Result: TOP MATCH CORRECT
Phoneme Query:
Input: "JH AH JH W ER K" (phonemes)
Output: "the jury and a judge work together on it" (score: 0.4905)
Word Query:
Input: "judge work together" (words)
Output: "the jury and a judge work together on it" (score: 0.6434)
Result: BIDIRECTIONAL SEARCH WORKS PERFECTLY
| Strategy | Direction | Top-1 Accuracy | Avg Score | Recommendation |
|---|---|---|---|---|
| 1 | Phoneme→Word | 100% | 0.25 | Good for BCI decoding |
| 2 | Word→Phoneme | 100% | 0.26 | Good for data prep |
| 3 | Bidirectional | 100% | 0.57 | BEST OVERALL |
- Phoneme sequences can retrieve word sentences despite being symbolic (not semantic)
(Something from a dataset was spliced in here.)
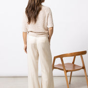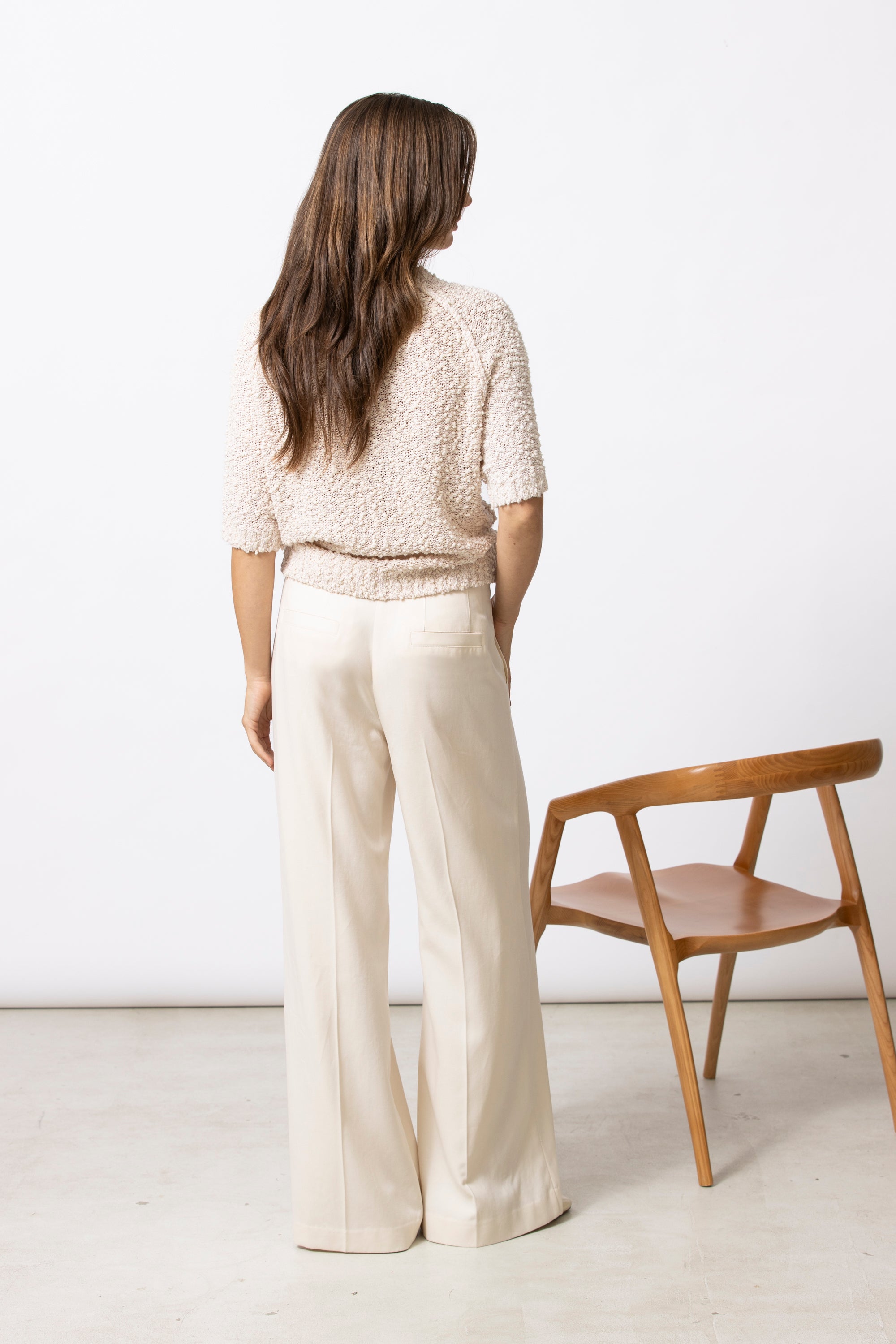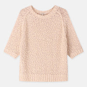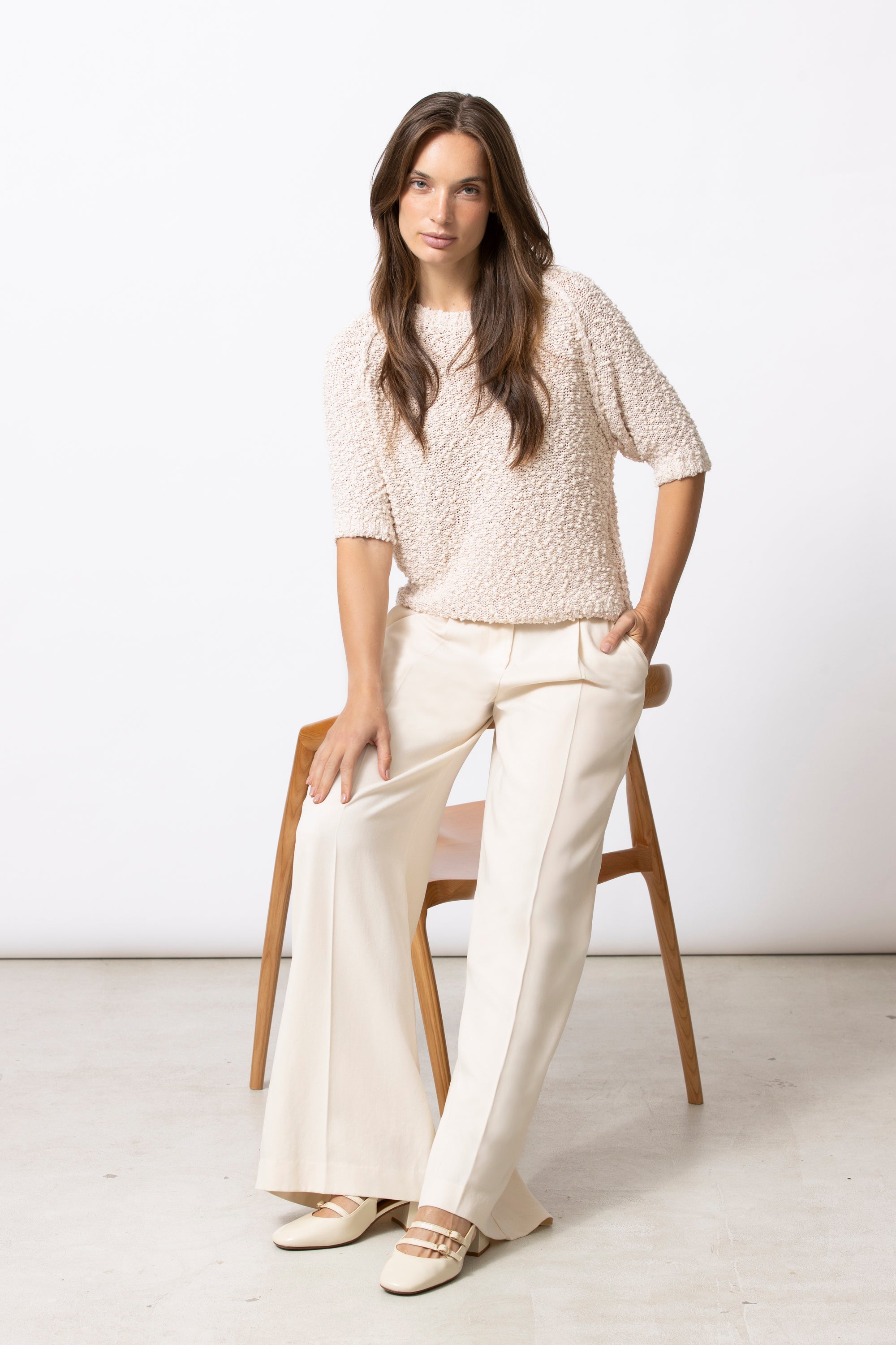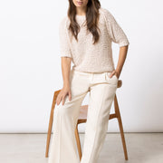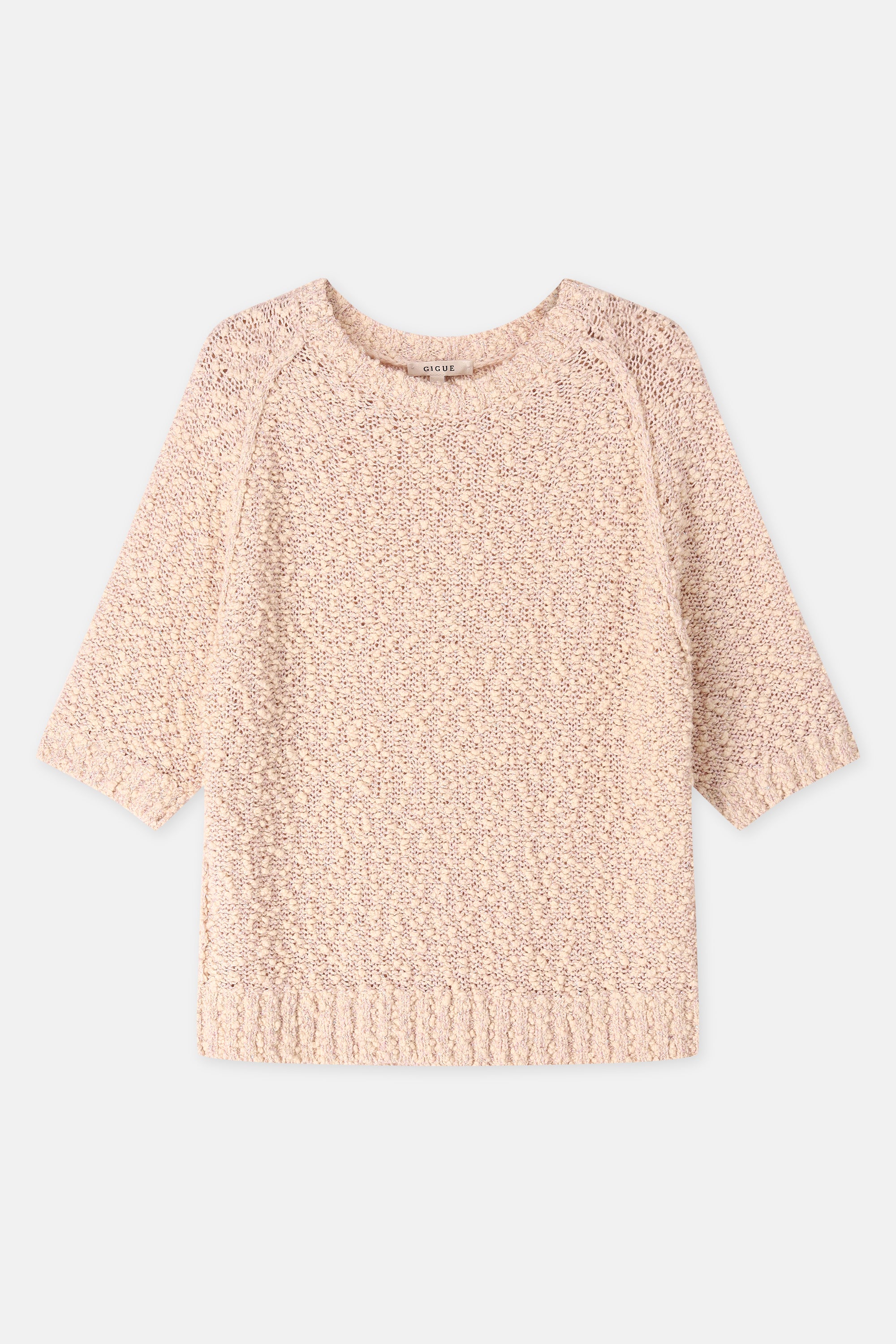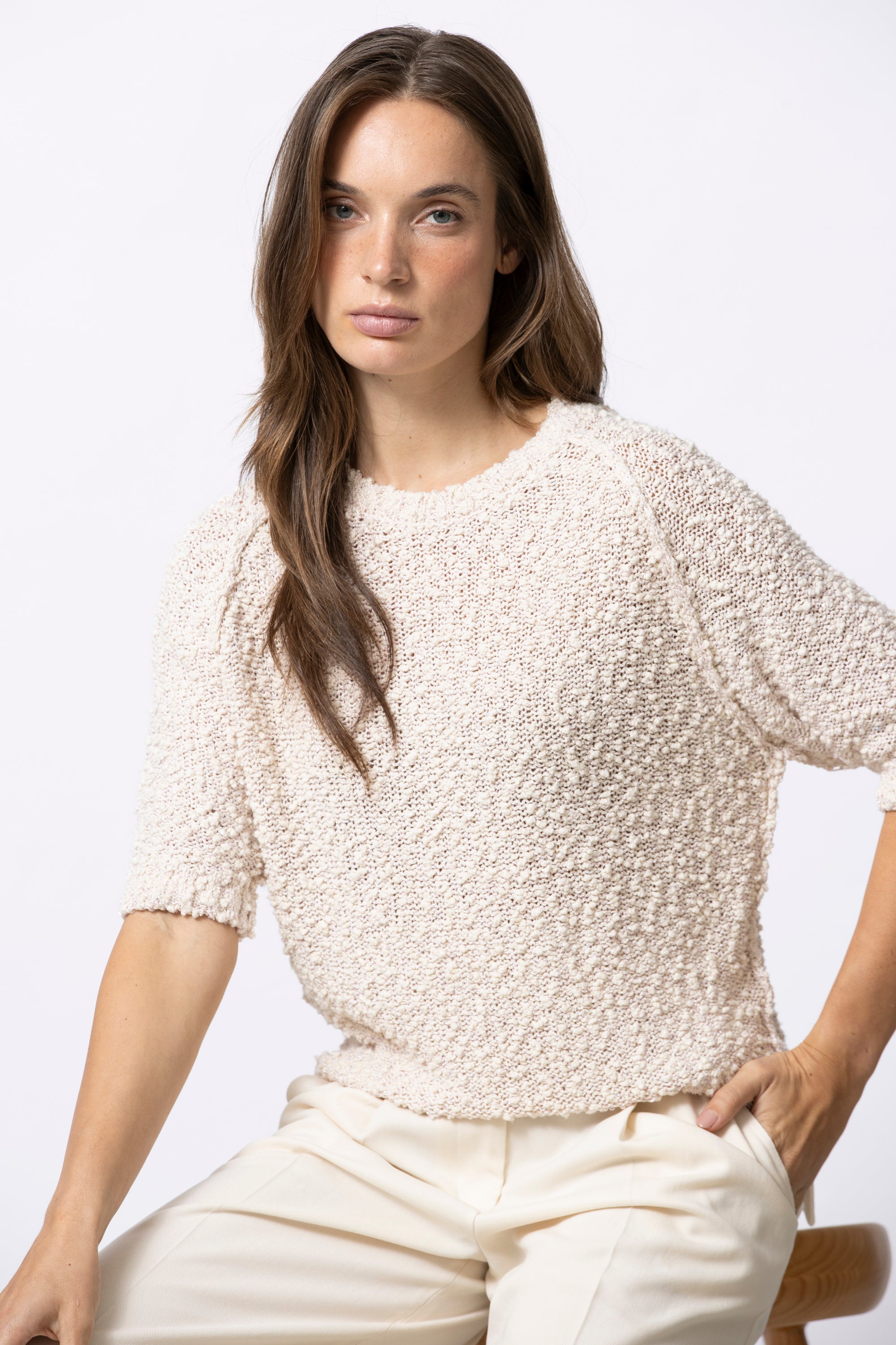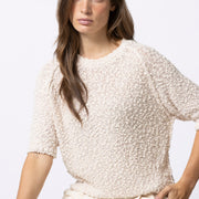 Eenvoudige trui met korte mouwen, uitgevoerd in bouclettedraad met subtiel ingeweven pailletten. De textuur en lichte glans geven dit stuk een verfijnde, pittige twist.

- Partial phoneme queries work - don't need complete sequences
- Bidirectional search - can query with either phonemes or words
- No special preprocessing needed - works out of the box
- Tested on small scale (8 samples) - production needs validation at 10K+ scale
- Scores are relative - ranking matters more than absolute values
- Not phonetically aware - matches patterns, not phonetic similarity
- Best for augmenting, not replacing, traditional BCI language models
Use Strategy 3 (combined storage) for maximum flexibility
Consider hybrid approach:
- ZeroEntropy for candidate retrieval (fast semantic search)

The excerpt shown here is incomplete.